Almost thirty years ago I was production stage manager for a summer theater in Princeton, New Jersey.  Among the cast and crew were some of the people most dear to me in all the world.  It was a lot of work, and there were the usual tensions, plus it was one of those summers when the 17-year cicadas were out.  It remains the funnest summer of my life.

My time in the theater trained me for ministry.  Sure, some people are trained in the mission field and some in the towers of academia, but doing shows gave me skills and insights I use every week in planning and leading worship, in working with a staff team, in providing hospitality and creating community.  The lights aren’t as strong, the dance rarely includes tap shoes, and the sermon is a bit long for a soliloquy, but it’s theater at its best.  Like all theater, it is good when it is most real and authentic.

Of course no one in the real world sings and taps during a rainstorm, or if they do, I’ve yet to see it.  But every time I step into the pulpit, I feel that excitement, the joy of saying something true and good and uplifiting.

Applause not necessary.


With thanks to the theatre folk along the way: Tom and G’ann, Baranna, Virginia, Curt, Kirsten, Biz, Tom E, Amy, Louis, Kay, Carol, Annie, Ken, Emily, Linda, Amy, Miriam, Diana, Carol, Glen, Hans, Alan, Peter, David, Robert, Debbie, and so many others who I’m sure I’ve forgotten.  Break legs!

Summer Vacation: Instagramming the Gates of Hell

Beneath the wild beauty of Yellowstone National Park lives a supervolcano,  a cauldron of hellish gasses and liquid rock formed, in part, by the struggle between massive tectonic plates that vie for space under what we call Wyoming.  If that volcano were ever to blow – and it could – it would be the end of the world.  The volume of ash that would enter the atmosphere would cause climate change that would be catastrophic.

Now the odds of that supervolcano blowing in my lifetime or my child’s lifetime are pretty slim, but that gave little comfort to my daughter as we visited the park on our summer vacation.

“Mom, if the volcano blows, where is the safest place to be?”

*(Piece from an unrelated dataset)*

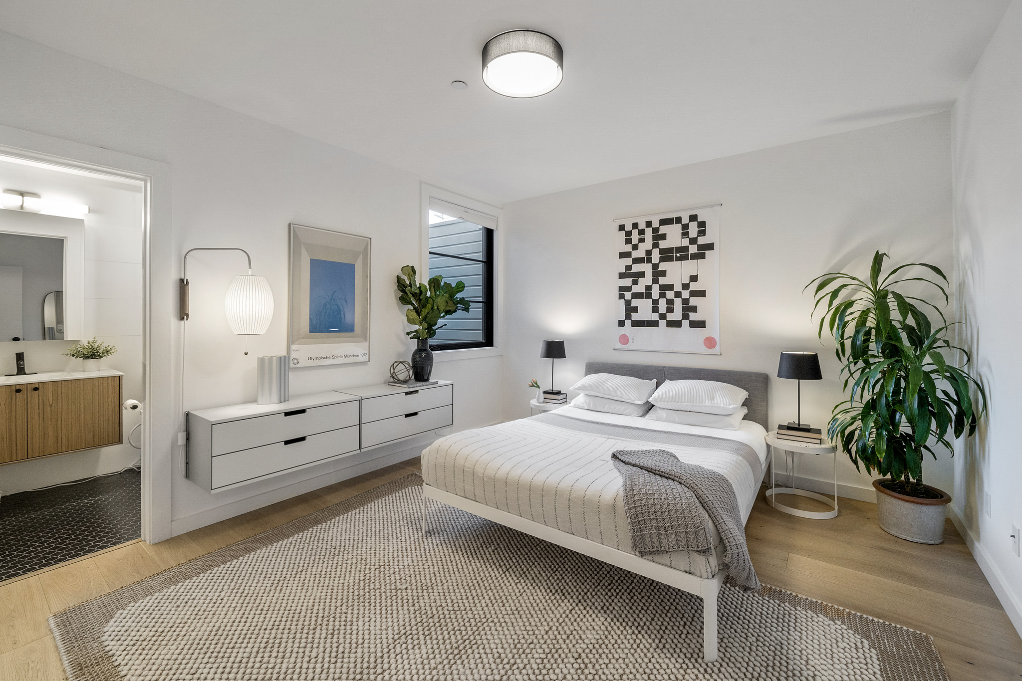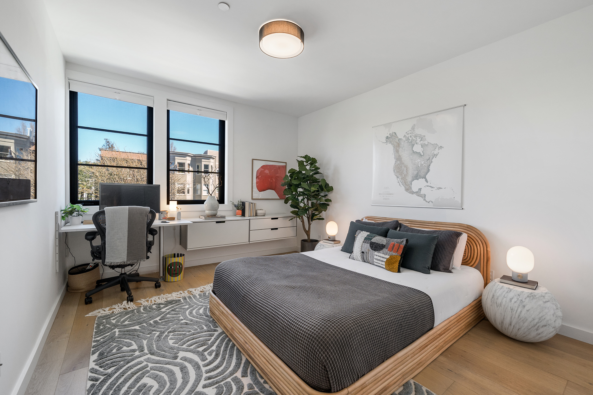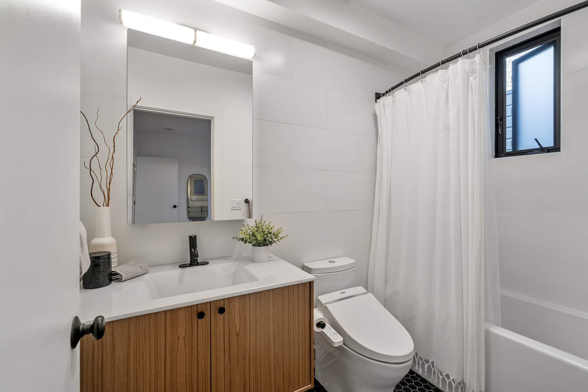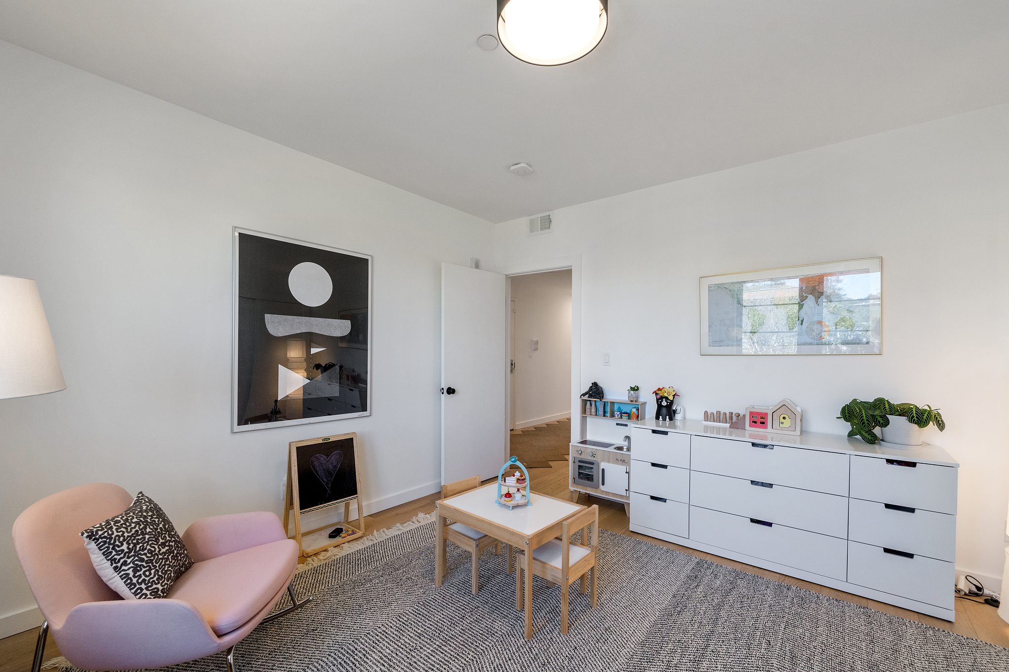 Occupying the entire second level of this renovated contemporary building is this spacious and bright three bedroom, two bathroom home. The heart of this home is the open concept living space. This light, bright great room features a modern kitchen with expansive countertops and luxury level appliances, a dining area and living space, with a large sliding door opening onto a West-facing private deck, perfect for the warm Noe Valley weather. Views of verdant tree tops and expansive sky abound. One ensuite bedroom and two additional bedrooms or offices- all with clean, modern lines and newer windows. Other amenities include in-unit washer and dryer, additional storage, and one car independent garage parking with an ev charger. One block from area shops, restaurants, and public transportation makes this a perfect city home. This TIC represents a 37% ownership in the three unit building.
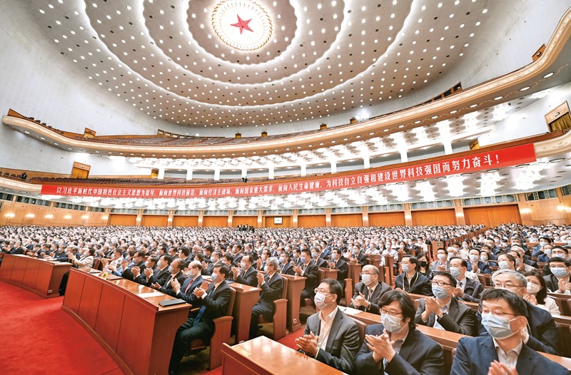 2021年5月28日,中國(guó)科學(xué)院第二十次院士大會(huì)、中國(guó)工程院第十五次院士大會(huì)和中國(guó)科學(xué)技術(shù)協(xié)會(huì)第十次全國(guó)代表大會(huì)在北京人民大會(huì)堂隆重召開(kāi)。圖為大會(huì)現(xiàn)場(chǎng)。新華社記者李響/攝

“Well, honey, I think you’d want to be right in the middle, at the center of it, so you’d die quickly and not have to go through the onslaught of another ice age, panic, mayhem, and all of that.”

So there we were, on a beautiful August day, blithely taking pictures with our phones of the gorgeous canyon that belies the hell beneath it.  Later that day as I posted pictures on Instagram, I wondered about that – is it hubris to do something as mundance as taking a picture of a place that could cause the end of the world?  Do we realize how fleeting life is, and how powerless we are?

On this same vacation, we’ve been watching the Olympics at night.  Every one of those athletes is amazing, and the irony of snacking in a comfy chair while watching feats of strength, speed, and agility has not been lost on me.  It was last night as the women gymnasts competed on the vault and uneven bars, throwing their tiny, solid bodies into the air in crazy moves, that I thought of Instagramming the gates of hell.

Perhaps it is both hubris and courage that allows us to pull out our phones and take pictures of a volcano, and to train and work and compete as we push the limits of what the human body can do.  My family watched those gymnasts in awe – how can they do that?  Beyond the physicality of it, how do they summon the courage to bounce backward up onto a platform?

Vacation has been a time to marvel at the world in its creative, violent beauty; a time to marvel at those people who push the boundaries of human possibility.  So maybe, those two things will merge some day before the volcano blows: courage will meet catastrophe.  Who knows what will happen?